DATA EXTRACTS Start Marker

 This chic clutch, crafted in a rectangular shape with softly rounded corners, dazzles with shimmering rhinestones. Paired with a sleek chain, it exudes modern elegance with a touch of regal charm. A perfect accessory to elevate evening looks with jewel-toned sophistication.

DATA EXTRACTS End Marker
DATA EXTRACTS Start Marker

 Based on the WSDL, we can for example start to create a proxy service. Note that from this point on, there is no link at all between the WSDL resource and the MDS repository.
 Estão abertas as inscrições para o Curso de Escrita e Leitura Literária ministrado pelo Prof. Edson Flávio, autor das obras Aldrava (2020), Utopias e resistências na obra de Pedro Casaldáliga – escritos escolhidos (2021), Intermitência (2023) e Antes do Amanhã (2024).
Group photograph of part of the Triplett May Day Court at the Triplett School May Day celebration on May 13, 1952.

DATA EXTRACTS End Marker
DATA EXTRACTS Start Marker

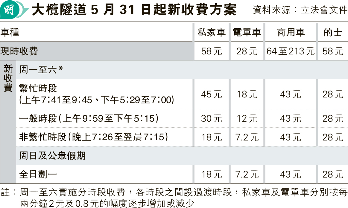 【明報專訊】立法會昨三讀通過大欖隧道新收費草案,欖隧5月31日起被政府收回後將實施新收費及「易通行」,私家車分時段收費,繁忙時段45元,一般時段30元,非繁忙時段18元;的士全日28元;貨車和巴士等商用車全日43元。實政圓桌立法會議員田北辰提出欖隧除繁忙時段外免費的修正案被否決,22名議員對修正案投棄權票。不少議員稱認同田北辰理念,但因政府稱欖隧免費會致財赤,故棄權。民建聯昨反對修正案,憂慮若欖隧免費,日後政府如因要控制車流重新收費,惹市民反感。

DATA EXTRACTS End Marker

▸ **PROBLEM STATEMENT**
All lines above from the one with "Based on the" to the one with "Estão abertas as", inclusive, should be copied exactly, and no other lines.

▸ **SOLUTION FOR THIS TASK**
 Based on the WSDL, we can for example start to create a proxy service. Note that from this point on, there is no link at all between the WSDL resource and the MDS repository.
 Estão abertas as inscrições para o Curso de Escrita e Leitura Literária ministrado pelo Prof. Edson Flávio, autor das obras Aldrava (2020), Utopias e resistências na obra de Pedro Casaldáliga – escritos escolhidos (2021), Intermitência (2023) e Antes do Amanhã (2024).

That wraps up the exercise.